Input Block Start

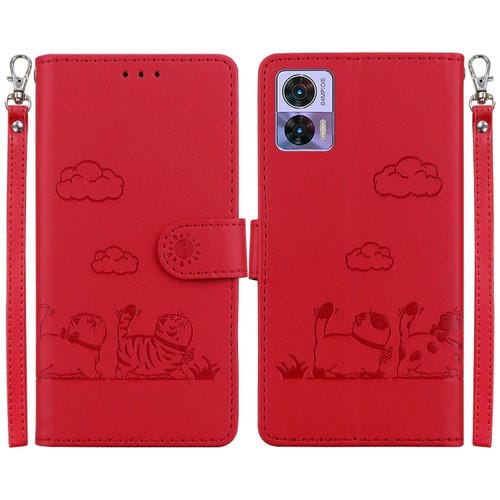 Funda de Cuero Rfid para Motorola Edge 30 Neo y 30 Lite con Diseño de Gatos (Rojo)
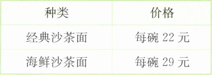 解析:本题采用列举法解决问题,他们有80元,想要买3碗沙茶面,题中有单价分别为22元和29元的沙茶面可供他们选择,只要买的3碗沙茶面的总价不超过80元即可。因为22<29,可以从买3碗22元的经典沙茶面开始考虑,单价22元的经典沙茶面的数量依次减1,单价29元的海鲜沙茶面的数量依次加1,直到价格超过80元为止。
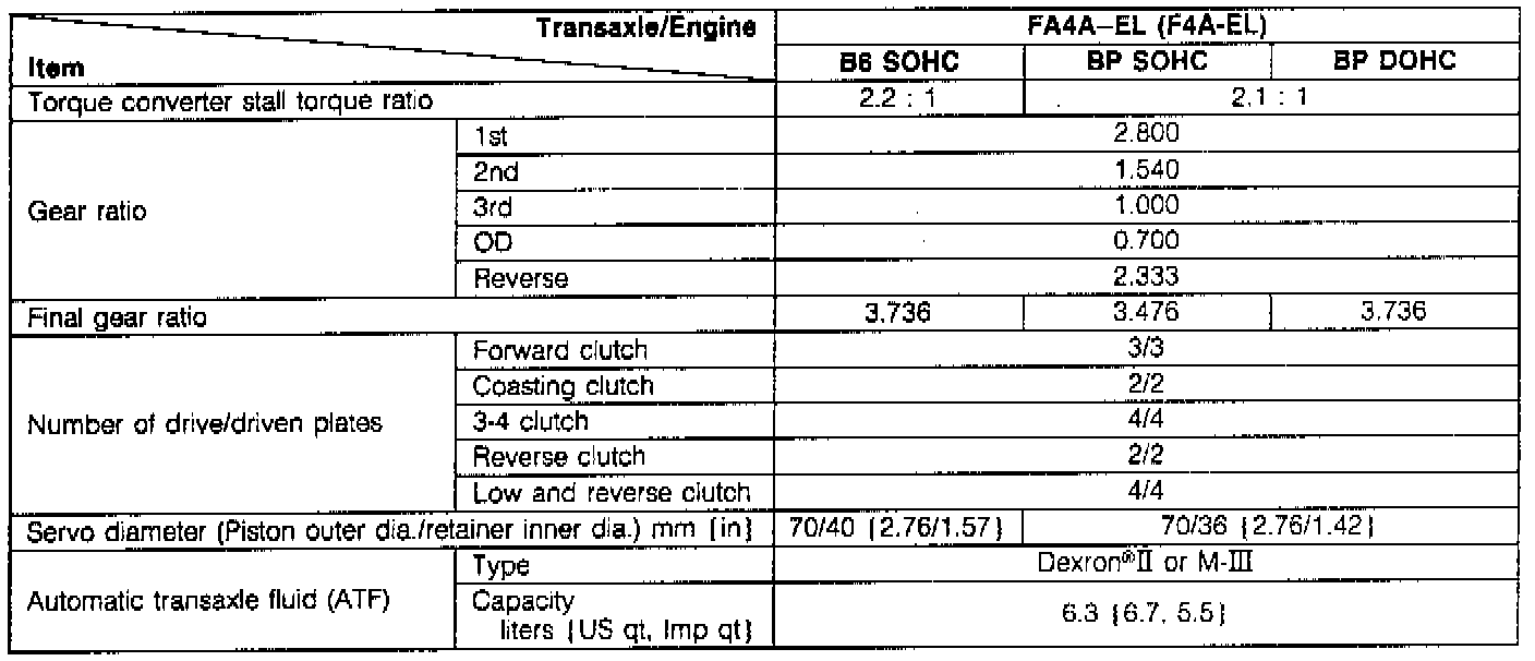 Electronic Transaxle Specifications:
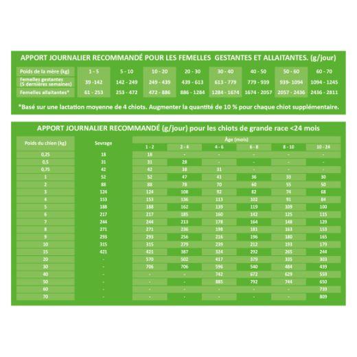Conçue pour les chiots et femelles adultes de grandes races en gestation et en lactation, cette formule complète apporte tous les nutriments essentiels à une croissance saine et au développement musculaire et osseux. Riche en protéines de poulet et de dinde et en ingrédients naturels facilement digestibles, elle soutient également la vitalité et le bien-être général des chiens de grande taille.
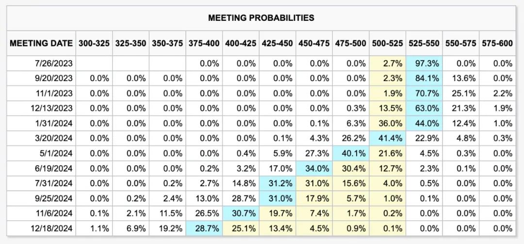 美联储最新可能利率路径,截至2023 年 7 月 17 日。来源:CME Group

Input Block End

:: Task to carry out ::
Please set down only the lines from the first line of the records above through the line that has "Conçue pour les", exactly, and not the pictures.

:: Finished exercise ::
 Funda de Cuero Rfid para Motorola Edge 30 Neo y 30 Lite con Diseño de Gatos (Rojo)
 解析:本题采用列举法解决问题,他们有80元,想要买3碗沙茶面,题中有单价分别为22元和29元的沙茶面可供他们选择,只要买的3碗沙茶面的总价不超过80元即可。因为22<29,可以从买3碗22元的经典沙茶面开始考虑,单价22元的经典沙茶面的数量依次减1,单价29元的海鲜沙茶面的数量依次加1,直到价格超过80元为止。
 Electronic Transaxle Specifications:
Conçue pour les chiots et femelles adultes de grandes races en gestation et en lactation, cette formule complète apporte tous les nutriments essentiels à une croissance saine et au développement musculaire et osseux. Riche en protéines de poulet et de dinde et en ingrédients naturels facilement digestibles, elle soutient également la vitalité et le bien-être général des chiens de grande taille.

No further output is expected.